• _The task_: Leaving out every picture, copy the lines of the material below exactly, from the line containing "En faisant appel" through the line containing "<p>A square decorative".
┌─ Records to use
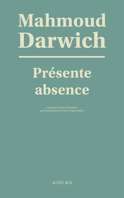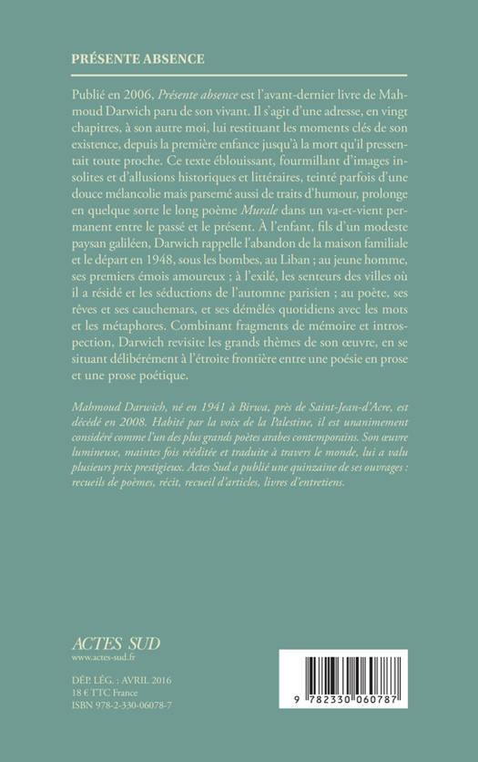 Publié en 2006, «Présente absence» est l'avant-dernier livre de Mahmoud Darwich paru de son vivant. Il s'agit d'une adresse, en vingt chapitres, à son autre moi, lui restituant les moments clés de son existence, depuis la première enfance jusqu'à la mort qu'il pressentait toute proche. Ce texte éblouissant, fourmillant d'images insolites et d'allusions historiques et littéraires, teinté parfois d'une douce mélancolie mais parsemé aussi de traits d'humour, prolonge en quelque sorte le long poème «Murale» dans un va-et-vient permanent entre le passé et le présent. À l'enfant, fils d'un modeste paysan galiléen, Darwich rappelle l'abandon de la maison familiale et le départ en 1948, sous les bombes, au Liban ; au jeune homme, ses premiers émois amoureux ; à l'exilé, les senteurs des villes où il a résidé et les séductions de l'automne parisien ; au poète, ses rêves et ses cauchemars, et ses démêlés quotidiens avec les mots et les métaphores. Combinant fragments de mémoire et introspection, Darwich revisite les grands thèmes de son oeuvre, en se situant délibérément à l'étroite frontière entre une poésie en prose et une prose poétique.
└─
┌─ Records to use
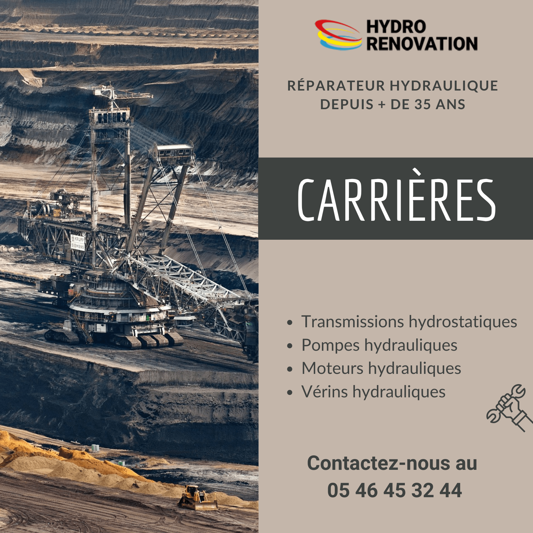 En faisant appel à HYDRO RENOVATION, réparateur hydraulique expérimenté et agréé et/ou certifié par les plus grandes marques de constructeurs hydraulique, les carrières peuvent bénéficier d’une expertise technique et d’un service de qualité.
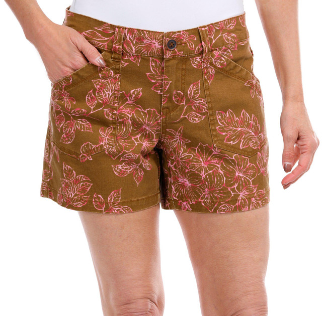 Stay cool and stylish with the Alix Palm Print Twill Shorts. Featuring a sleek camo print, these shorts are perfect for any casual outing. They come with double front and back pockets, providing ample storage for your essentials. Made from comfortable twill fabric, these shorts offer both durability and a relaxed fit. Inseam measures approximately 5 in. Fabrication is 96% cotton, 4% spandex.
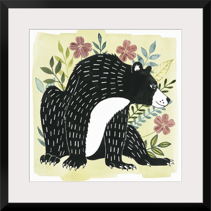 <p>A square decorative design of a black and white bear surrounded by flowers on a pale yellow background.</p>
└─
• _Output of the exercise_:
 En faisant appel à HYDRO RENOVATION, réparateur hydraulique expérimenté et agréé et/ou certifié par les plus grandes marques de constructeurs hydraulique, les carrières peuvent bénéficier d’une expertise technique et d’un service de qualité.
 Stay cool and stylish with the Alix Palm Print Twill Shorts. Featuring a sleek camo print, these shorts are perfect for any casual outing. They come with double front and back pockets, providing ample storage for your essentials. Made from comfortable twill fabric, these shorts offer both durability and a relaxed fit. Inseam measures approximately 5 in. Fabrication is 96% cotton, 4% spandex.
 <p>A square decorative design of a black and white bear surrounded by flowers on a pale yellow background.</p>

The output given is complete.